*Activity*:
From the data below, return only the lines from the one with "SEVEN7EEN Natural Silky" through the one with "Halloween Night Women's", exact and inclusive, with pictures left out.

*Listed records*:
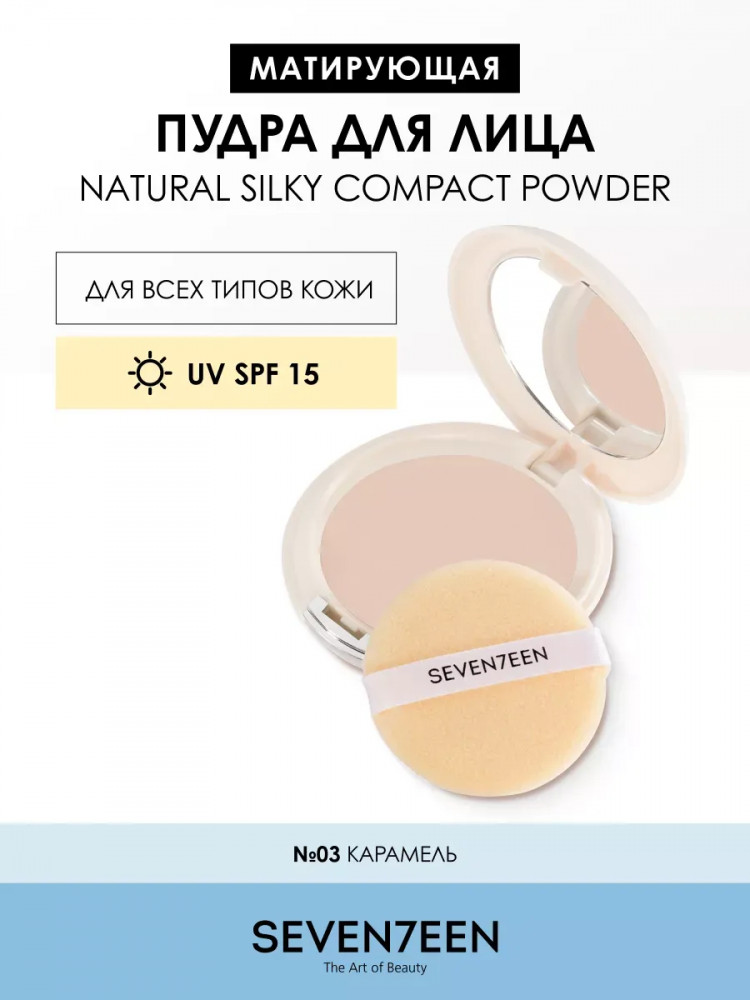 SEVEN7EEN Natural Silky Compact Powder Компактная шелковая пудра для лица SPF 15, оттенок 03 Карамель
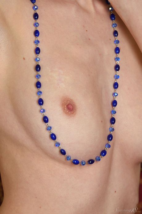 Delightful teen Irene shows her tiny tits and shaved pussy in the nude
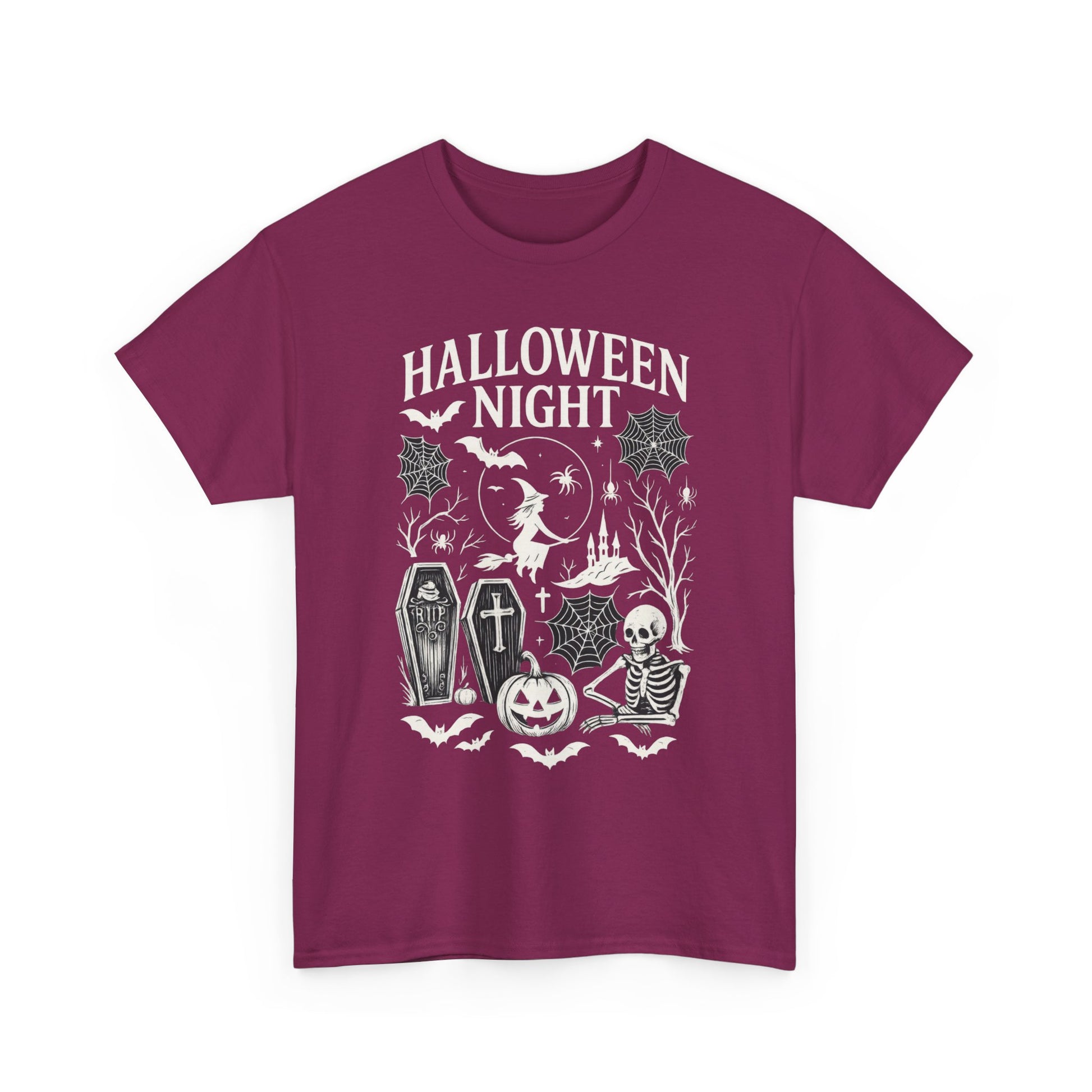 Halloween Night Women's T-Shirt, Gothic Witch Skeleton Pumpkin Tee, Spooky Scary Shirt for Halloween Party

...

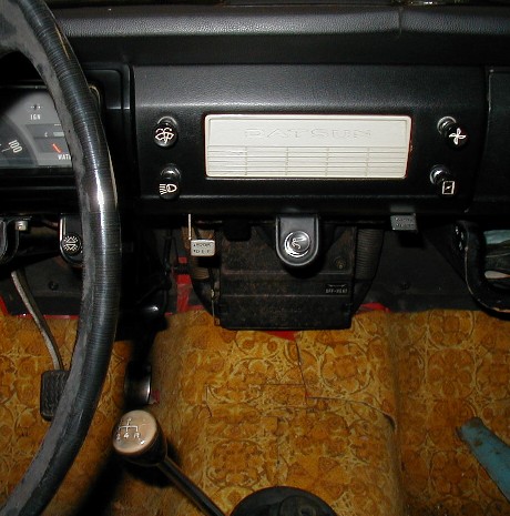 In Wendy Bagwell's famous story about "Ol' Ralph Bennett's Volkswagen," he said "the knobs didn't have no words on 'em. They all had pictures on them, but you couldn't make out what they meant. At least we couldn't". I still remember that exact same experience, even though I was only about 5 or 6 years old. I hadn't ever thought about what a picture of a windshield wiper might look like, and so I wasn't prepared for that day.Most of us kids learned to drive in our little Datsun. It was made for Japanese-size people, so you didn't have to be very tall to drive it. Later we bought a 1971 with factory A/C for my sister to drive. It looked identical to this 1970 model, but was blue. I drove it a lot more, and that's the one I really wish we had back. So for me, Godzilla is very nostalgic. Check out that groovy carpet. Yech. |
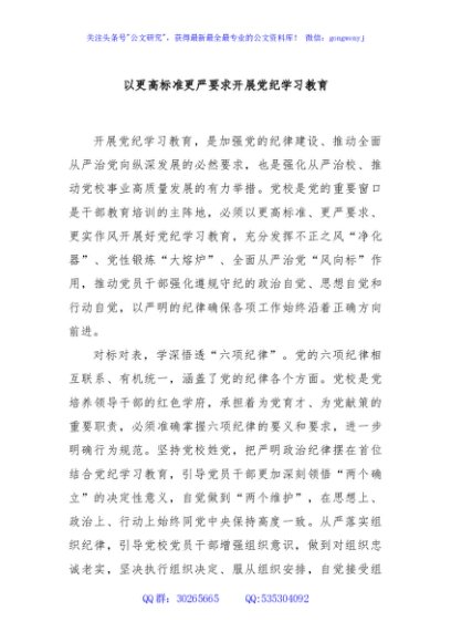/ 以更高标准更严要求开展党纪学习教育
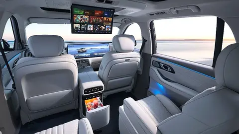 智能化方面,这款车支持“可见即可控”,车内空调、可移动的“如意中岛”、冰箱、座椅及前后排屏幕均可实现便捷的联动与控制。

*Written response*:
 SEVEN7EEN Natural Silky Compact Powder Компактная шелковая пудра для лица SPF 15, оттенок 03 Карамель
 Delightful teen Irene shows her tiny tits and shaved pussy in the nude
 Halloween Night Women's T-Shirt, Gothic Witch Skeleton Pumpkin Tee, Spooky Scary Shirt for Halloween Party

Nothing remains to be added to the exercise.